Mayor LaGuardia’s former home and its sci-fi, erotic past

Above: Mayor LaGuardia presenting his weekly WNYC radio show from Gracie Mansion. He would carry on the tradition at his Riverdale home.

Fiorello LaGuardia, among the greatest mayors ever in New York history, died on this date, September 20, 1947, at his home in the Riverdale neighborhood of the Bronx. He arrived at the lovely four-story Tudor home directly from Gracie Mansion, where he served three consecutive mayoral terms. This mansion at 5020 Goodridge Avenue, constructed in 1914-15, was built for famed magazine illustrator Arthur I. Keller.

Retiring from politics, LaGuardia resided at the quiet mansion with his wife and two teenage children, broadcasting a weekly national radio program from his office and occasionally playing host to visitors like Robert Moses.

Less than 15 years later, the old LaGuardia home fell into some very curious ownership.

Prolific science fiction author Robert Silverberg crafted pulpy space fiction like Revolt on Alpha C and The Dawning Light right out of graduating from Columbia University in 1956. But he also spent those early years churning out stacks of cheap erotic novels for quick cash, so many and so successfully apparently that, at just age 26, he was able to purchase LaGuardia’s last home in 1961 and transform it into his own inspiration point. He penned several more sci-fi fantasies from this house, including the notable (and sexually charged) Thorns.

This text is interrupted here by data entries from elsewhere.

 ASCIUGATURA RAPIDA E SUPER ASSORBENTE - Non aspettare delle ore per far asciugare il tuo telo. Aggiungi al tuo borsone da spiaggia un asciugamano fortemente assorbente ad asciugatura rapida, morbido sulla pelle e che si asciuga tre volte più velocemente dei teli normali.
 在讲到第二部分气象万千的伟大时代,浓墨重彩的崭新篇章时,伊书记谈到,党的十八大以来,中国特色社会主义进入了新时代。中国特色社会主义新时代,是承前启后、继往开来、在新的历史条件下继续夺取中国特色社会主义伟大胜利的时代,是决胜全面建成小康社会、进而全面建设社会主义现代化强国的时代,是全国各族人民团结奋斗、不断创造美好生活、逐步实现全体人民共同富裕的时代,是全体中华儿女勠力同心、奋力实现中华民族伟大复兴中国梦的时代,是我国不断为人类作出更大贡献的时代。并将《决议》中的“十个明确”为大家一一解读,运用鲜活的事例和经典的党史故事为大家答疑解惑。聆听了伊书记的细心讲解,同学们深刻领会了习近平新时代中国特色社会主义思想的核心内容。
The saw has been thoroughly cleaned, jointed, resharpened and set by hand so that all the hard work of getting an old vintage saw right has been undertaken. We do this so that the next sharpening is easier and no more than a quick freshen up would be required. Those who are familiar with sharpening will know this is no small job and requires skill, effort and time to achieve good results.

The author also wrote (under a pen name) the manual Sophisticated Sex Techniques in Marriage while living here.

Silverberg gave a little nod to the neighborhood in his 1972 novel The Book of Skulls: “How unreal the whole immortality thing seemed to me now, with the jeweled cables of the George Washington Bridge gleaming far to the southwest, and the soaring bourgeois towers of Riverdale hemming us on to the right, and the garlicky realities of Manhattan straight ahead.”